How Google plans to fight toxic trolls

     

Google’s parent company, Alphabet, says it plans to apply machine learning technology to promote more civil discourse on the internet and make comment sections on sites a little less awful, The New York Times reports:

Jigsaw, a technology incubator within Alphabet, says it has developed a new tool for web publishers to identify toxic comments that can undermine a civil exchange of ideas. Starting Thursday, publishers can start applying for access to use Jigsaw’s software, called Perspective, without charge.

“We have more information and more articles than any other time in history, and yet the toxicity of the conversations that follow those articles are driving people away from the conversation,” said Jared Cohen, president of Jigsaw, formerly known as Google Ideas.

The toxicity of trolls

The company’s latest effort is called the Perspective API, Yahoo Finance adds:

Available Thursday, Feb. 23, Perspective is the result of Jigsaw’s Conversation AI project and uses Google’s machine learning technologies to provide online publishers with a tool that can automatically rank comments in their forums and comments sections based on the likelihood that they will cause someone to leave a conversation. Jigsaw refers to this as a “toxicity” ranking.

“At its core, Perspective is a tool that simply takes a comment and returns back this score from 0 to 100 based on how similar it is to things that other people have said that are toxic,” explained product manager CJ Adams.

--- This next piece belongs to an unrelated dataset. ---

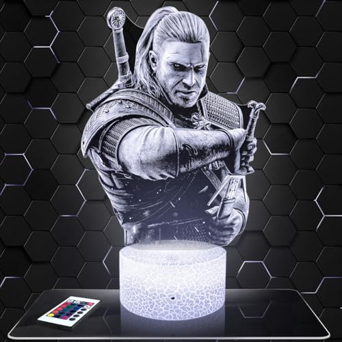 Lampephoto.fr - Lampe 3D Witcher Geralt, Décoration Chambre Garçon Fille, Gaming, Gamer, Jeux Video, Idée Cadeau Witcher Geralt, Décoration Lampe LED, Deco Bureau, Idée Cadeau Ado Original, TOP

On a demonstration website launched today, Conversation AI will now let anyone type a phrase into Perspective’s interface to instantaneously see how it rates on the “toxicity” scale, WIRED adds.

Jigsaw is quick to note that they view their current system as a first step, a combined technology and social experiment rather than a production system to be deployed this afternoon, notes one analyst:

They are releasing the system via an API service available to other organizations to experiment with it and explore how it performs in their own communities. This is itself immensely noteworthy in a world in which companies increasingly roll out filtering systems without warning and without any insight into how they function or any ability for the community to offer feedback. Jigsaw’s API prominently offers the ability to flag a score the user believes is wrong, which will eventually be fed back into the models to retrain them.